Depth in Watercolour

One dimension that adds depth to watercolour painting is the amount of pigment on the brush. New artists to this medium are often afraid of adding much pigment in case the finished product is too heavy but that can be a mistake. Although watercolours are noted for heir airy quality, the omission of enough pigment results in a thin wash, and because the drying process allows the paint to fade, the end product is washed out and without the required depth for the painting to work.

The study of the works of JMW Turner reveals that applying slightly heavier washes give better results and that is all the proof I need.

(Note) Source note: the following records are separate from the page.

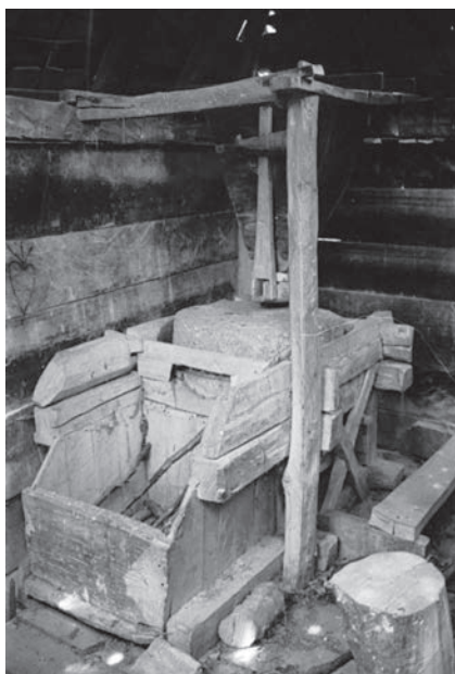
Слика 12. Воденички камен и констїрукција млина, село Маковишїе
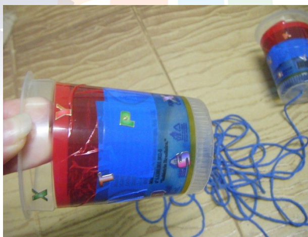
Figura 4 – Telefone sem fio
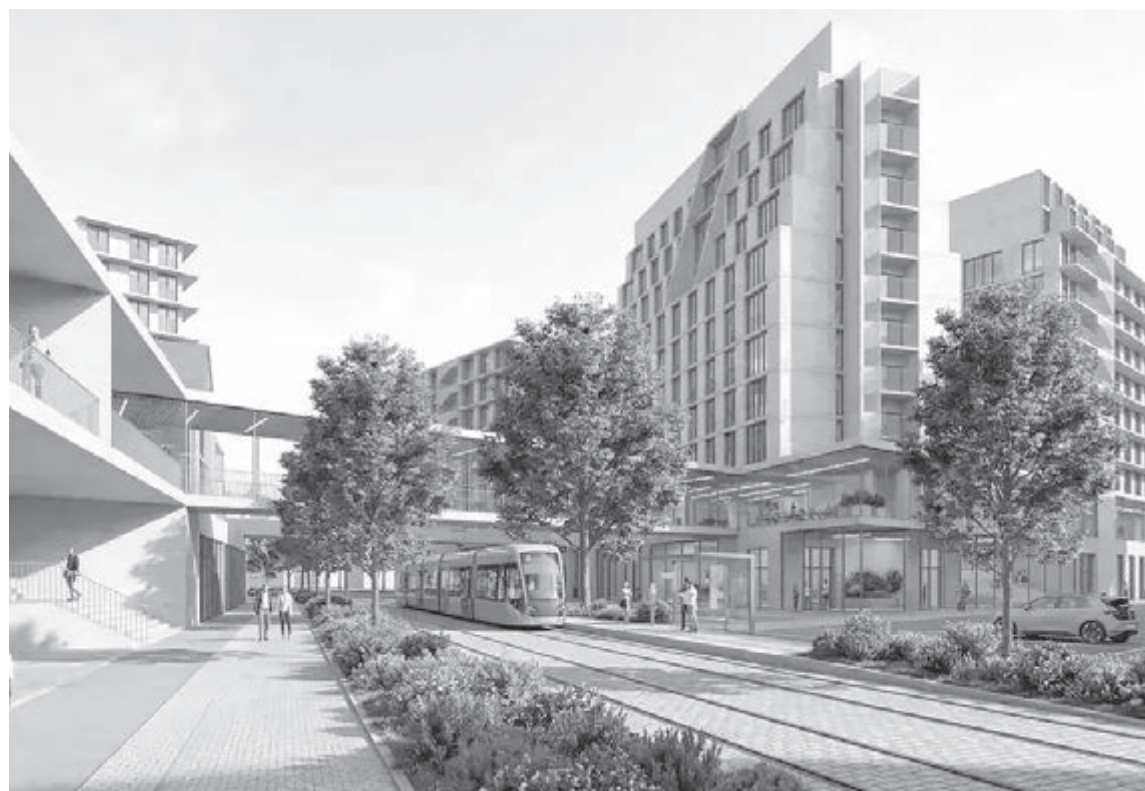
■ Примерно так будут выглядеть первые дома нового инновационного кластера.
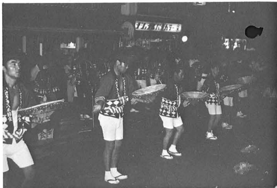
友情出演 伊勢崎市役所職員による八木節
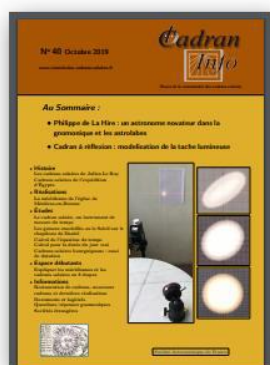
CI n° 40
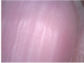
図 2 爪表面画像(圧迫後)

る。反応性充血とは、それらの血流を圧力等で途絶させた後に圧迫を解いた際には、一時的に血管の拡張が起こり、血流が増加して皮膚が赤くなる現象のことである[6]。
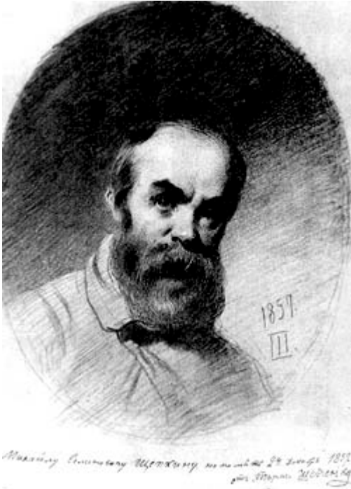
Т. Г. Шевченко Автопортрет 1857

На портрете внизу авторская дата и монограмма художника: "1857. Ш." Под изображением дарственная надпись: "Михаилу Семеновичу Щепкину, на память 24 декабря 1857 года от Тараса Шевченко"
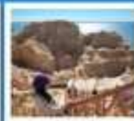
เขตพิศาจทะเล
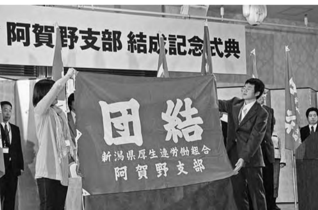
新厚労阿賀野支部に組合旗を授与

約250名の組合員が増え、定期大会の日に行われた支部結成記念式典も100名を越える支部組合員の参加で盛大に行われました。
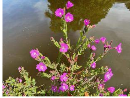
11/07, harig wilgenroosje , Oude Leede, Bart Hendriks
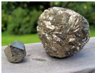
Pyrit (svavelkis), FeS 2 – järn och svavel i förening kan kristallisera så här vackert!
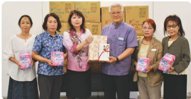
沖縄県宅地建物取引業協会(女性部会「まごころボランティア会」)様より、生理用品468パックの寄贈を頂きました。
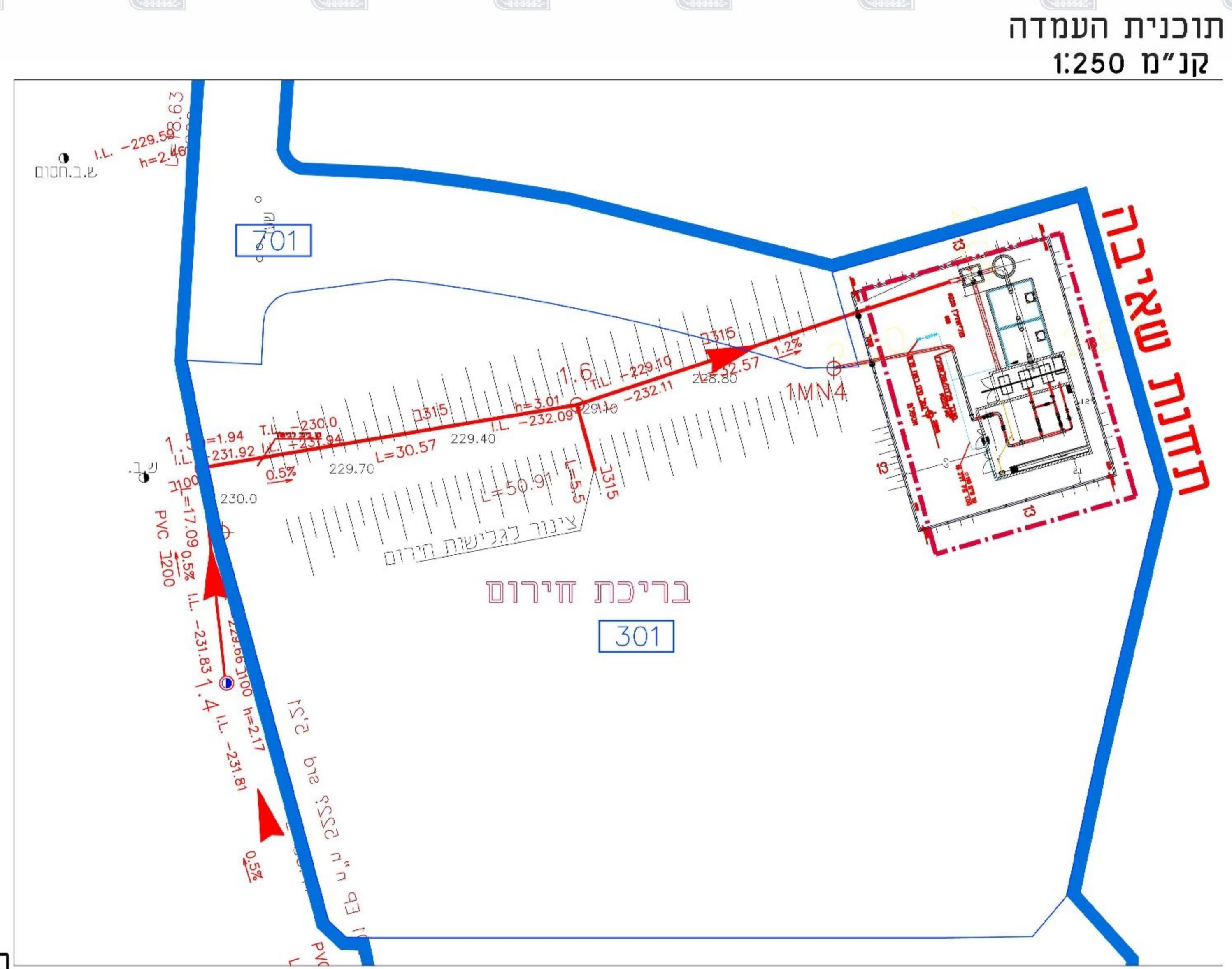
תוכנית העמדה קנ"מ 1:250
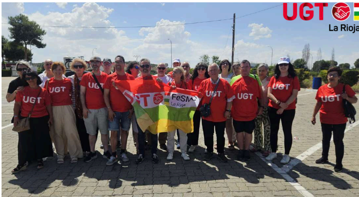
Miembros de la delegación riojana que reunió en Vistalegre a más de 11.000 personas de toda España.
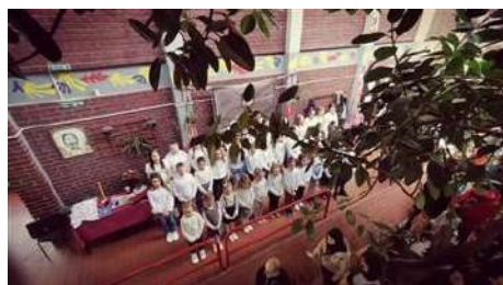
Слика 2. Ентеријер ИО

Основна школа "Кадињача" у Лозници организује редовну полудневну наставу у две смене у матичној школи и издвојеном одељењу. Смене се мењају месечно, јер се тако може најбоље организовати васпитно-образовни и други облици рада и због наставника који раде у другим школама.
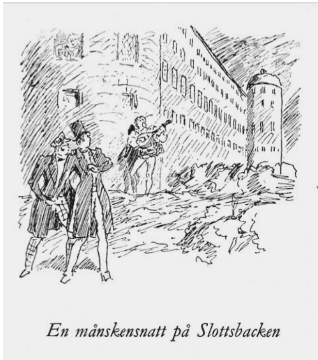
En månskensnatt på Slottsbacken

Kontakta oss om du vill ge ett frivilligt bidrag – hemsidan kostar – eller önskar Gluntunderhållning vid privat tillställning, konferens eller liknande möten. Vi försöker då att hjälpa dig med sångare och pianist.

Turn your holiday photographs into works of art

Most of us have a particular view taken whilst on holiday that we treasure for some reason. The sunrise over the sea, the lights over the mountains from a setting sun or people we met from far afield. Lots of us have cameras ready to record places visited and experiences that will stay with us. But artists have an additional skill that can record these things with extra feeling.

Ways to see what we draw

Trying to take in a view in front of us is pretty overwhelming: what dimensions to use, (how big); what to include (that tree's too big); Can I move something I don't like in that position? Questions present themselves before we even start. Holding up a mount of a holdable size helps us to enclose the view and focuses the mind on which part of the area to include. Taking a photograph of various angles enables us to see the view from its best perspective. Don't include everything in front of you. It isn't necessary nor is it practical. Paintings have to include only what is necessary to be interesting and to create the right mood.